The operator profile is a dictionary mapping operator name to a set of profiles which describe the input and outputs of the operator, and could be manually written, saved into a yaml file, and checked into a codebase. Here’s an example of a profile for mylib.foo.default:

"mylib.foo.default": {
    OpProfile(
        args_profile=(
            TensorMetadata(
                rank=2,
                dtype=torch.float32,
                device=torch.device("cpu"),
                layout=torch.strided,
            ),
            TensorMetadata(
                rank=2,
                dtype=torch.float32,
                device=torch.device("cpu"),
                layout=torch.strided,
            ),
        ),
        out_profile=TensorMetadata(
            rank=2,
            dtype=torch.float32,
            device=torch.device("cpu"),
            layout=torch.strided,
        ),
    )
}

mylib.foo.default’s profile contains only one profile, which says that for 2 input tensors of rank 2, dtype torch.float32, device cpu, we will return one tensor of rank 2, dtype torch.float32, and device cpu. Using the context manager, will then generate a fake kernel where given 2 input tensors of rank 2 (and the other tensor metadata), we will output one tensor of rank 2 (and the other tensor metadata).

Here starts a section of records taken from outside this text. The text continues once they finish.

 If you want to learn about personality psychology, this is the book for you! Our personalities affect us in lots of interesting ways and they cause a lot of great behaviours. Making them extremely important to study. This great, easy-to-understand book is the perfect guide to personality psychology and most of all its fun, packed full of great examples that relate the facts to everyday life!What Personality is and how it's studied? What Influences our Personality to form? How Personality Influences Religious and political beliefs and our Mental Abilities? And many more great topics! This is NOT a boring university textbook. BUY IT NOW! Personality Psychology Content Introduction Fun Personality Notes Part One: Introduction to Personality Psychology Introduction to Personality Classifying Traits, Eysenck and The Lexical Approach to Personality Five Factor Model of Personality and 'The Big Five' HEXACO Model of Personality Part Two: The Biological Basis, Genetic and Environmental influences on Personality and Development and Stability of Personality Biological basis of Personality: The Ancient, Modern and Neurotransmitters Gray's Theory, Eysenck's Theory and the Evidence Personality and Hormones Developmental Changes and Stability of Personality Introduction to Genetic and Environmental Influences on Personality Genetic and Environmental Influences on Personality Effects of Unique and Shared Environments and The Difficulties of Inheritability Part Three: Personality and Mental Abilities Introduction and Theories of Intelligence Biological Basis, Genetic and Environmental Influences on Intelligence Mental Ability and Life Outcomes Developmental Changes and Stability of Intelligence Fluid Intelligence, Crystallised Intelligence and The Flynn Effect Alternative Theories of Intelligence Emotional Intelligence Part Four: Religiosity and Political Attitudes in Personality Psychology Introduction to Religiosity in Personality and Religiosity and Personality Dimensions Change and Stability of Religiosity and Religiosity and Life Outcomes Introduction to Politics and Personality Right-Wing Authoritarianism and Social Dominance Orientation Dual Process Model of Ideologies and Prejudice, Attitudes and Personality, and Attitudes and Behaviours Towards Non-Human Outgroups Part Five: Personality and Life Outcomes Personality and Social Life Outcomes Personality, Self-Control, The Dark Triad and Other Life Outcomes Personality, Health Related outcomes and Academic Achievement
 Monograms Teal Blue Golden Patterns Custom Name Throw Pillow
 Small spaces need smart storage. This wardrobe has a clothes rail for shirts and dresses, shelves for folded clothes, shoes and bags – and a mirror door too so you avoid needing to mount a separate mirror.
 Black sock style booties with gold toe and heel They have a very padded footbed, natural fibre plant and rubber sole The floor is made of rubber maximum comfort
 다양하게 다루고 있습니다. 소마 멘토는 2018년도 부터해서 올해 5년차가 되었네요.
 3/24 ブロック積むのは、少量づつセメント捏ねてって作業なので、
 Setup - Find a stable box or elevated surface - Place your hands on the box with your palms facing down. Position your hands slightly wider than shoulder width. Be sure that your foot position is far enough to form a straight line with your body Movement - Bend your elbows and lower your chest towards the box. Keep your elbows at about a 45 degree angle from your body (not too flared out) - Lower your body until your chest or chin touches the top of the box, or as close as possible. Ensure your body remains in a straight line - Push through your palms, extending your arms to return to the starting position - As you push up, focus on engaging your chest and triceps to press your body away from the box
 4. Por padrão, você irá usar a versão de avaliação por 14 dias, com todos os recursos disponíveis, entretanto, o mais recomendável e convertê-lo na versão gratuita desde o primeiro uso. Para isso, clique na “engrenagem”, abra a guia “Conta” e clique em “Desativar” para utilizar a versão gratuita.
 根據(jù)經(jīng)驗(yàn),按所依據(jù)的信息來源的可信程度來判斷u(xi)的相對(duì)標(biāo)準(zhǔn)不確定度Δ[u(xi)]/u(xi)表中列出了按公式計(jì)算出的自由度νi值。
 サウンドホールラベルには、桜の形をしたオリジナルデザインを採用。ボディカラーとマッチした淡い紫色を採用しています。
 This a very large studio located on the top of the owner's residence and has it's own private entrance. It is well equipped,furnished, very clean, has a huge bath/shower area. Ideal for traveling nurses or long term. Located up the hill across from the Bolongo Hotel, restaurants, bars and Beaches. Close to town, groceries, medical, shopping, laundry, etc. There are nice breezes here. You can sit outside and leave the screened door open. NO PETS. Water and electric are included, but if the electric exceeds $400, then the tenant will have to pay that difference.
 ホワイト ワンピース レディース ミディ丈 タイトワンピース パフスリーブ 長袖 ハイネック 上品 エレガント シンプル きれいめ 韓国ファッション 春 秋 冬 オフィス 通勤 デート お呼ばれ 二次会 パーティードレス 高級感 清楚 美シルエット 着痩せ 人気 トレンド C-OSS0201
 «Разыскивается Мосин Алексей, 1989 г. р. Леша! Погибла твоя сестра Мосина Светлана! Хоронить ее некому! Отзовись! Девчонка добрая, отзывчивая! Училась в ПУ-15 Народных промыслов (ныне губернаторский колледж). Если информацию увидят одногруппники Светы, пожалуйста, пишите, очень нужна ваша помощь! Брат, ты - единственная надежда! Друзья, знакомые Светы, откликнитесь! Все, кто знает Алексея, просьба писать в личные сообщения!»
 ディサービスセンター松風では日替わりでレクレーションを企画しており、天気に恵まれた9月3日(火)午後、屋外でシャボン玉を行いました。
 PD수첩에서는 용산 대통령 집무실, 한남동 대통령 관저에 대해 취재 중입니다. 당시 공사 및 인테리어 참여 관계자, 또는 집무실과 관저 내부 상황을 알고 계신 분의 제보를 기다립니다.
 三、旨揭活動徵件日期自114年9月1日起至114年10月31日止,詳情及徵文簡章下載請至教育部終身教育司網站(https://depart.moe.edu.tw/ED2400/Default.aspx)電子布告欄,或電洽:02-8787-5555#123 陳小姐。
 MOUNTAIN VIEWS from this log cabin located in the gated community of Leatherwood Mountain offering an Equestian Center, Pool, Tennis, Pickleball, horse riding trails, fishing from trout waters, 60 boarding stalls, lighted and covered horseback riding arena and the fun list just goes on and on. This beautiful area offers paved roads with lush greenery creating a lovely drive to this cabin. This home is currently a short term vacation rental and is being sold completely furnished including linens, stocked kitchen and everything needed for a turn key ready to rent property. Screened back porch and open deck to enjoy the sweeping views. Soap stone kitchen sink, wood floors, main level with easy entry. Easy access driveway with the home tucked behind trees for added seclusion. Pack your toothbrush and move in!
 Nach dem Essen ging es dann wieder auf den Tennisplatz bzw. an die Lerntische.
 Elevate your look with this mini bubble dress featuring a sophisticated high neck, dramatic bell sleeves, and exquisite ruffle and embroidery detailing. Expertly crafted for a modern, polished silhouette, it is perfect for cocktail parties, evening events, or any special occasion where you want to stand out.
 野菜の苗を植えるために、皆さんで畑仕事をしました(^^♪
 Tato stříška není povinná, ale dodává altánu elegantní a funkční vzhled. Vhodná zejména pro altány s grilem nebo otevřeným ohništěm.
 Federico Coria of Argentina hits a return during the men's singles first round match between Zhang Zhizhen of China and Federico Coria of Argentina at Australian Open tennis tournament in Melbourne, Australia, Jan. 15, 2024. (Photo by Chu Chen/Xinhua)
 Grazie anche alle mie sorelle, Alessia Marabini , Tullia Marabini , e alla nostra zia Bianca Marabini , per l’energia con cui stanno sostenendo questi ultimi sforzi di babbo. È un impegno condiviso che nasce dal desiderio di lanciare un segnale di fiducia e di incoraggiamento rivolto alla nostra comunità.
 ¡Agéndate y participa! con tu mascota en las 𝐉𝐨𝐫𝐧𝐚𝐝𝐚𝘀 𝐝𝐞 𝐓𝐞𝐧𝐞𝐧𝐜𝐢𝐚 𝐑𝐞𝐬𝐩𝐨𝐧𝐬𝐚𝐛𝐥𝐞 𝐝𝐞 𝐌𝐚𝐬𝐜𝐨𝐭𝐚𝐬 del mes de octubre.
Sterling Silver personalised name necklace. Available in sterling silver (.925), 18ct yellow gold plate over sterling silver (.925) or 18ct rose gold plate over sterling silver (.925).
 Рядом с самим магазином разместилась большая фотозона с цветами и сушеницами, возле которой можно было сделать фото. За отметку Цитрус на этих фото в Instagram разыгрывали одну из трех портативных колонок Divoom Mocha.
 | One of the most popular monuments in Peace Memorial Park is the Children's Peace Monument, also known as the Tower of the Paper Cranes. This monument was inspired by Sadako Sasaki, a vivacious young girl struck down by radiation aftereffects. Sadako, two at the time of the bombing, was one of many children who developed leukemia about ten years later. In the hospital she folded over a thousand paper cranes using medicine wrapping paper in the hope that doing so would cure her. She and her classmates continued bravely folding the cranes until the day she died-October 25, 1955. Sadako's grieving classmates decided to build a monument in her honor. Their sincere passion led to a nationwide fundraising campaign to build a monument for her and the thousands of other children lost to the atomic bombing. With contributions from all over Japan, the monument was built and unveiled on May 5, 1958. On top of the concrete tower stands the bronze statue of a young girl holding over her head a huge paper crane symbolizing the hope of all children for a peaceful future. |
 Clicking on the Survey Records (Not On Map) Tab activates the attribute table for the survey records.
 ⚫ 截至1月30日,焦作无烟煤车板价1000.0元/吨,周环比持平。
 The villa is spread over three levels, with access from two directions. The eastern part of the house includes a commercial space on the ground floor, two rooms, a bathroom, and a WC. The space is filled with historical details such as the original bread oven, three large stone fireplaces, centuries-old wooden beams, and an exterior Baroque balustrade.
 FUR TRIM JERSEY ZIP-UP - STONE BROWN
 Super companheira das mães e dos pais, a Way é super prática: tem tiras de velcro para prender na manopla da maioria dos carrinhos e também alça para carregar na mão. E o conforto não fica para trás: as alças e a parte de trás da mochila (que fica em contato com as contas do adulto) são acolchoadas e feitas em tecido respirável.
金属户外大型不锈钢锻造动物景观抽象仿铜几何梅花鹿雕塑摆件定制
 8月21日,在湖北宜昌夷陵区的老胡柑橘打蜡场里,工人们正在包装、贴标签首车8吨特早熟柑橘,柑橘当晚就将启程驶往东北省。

If the operator also supports other input ranks, then we can add the profile to this list of profiles, either by manually adding it into the existing profile or rerunning draft-export with new inputs to get new profiles, so that the generated fake kernel will support more input types. Otherwise it will error.

Where to go from here?#

Now that we have successfully created an ExportedProgram using draft-export, we can use further compilers such as AOTInductor to optimize its performance and produce a runnable artifact. This optimized version can then be used for deployment. In parallel, we can utilize the report generated by draft-export to identify and fix torch.export errors that were encountered so that the original model can be directly traceable with torch.export.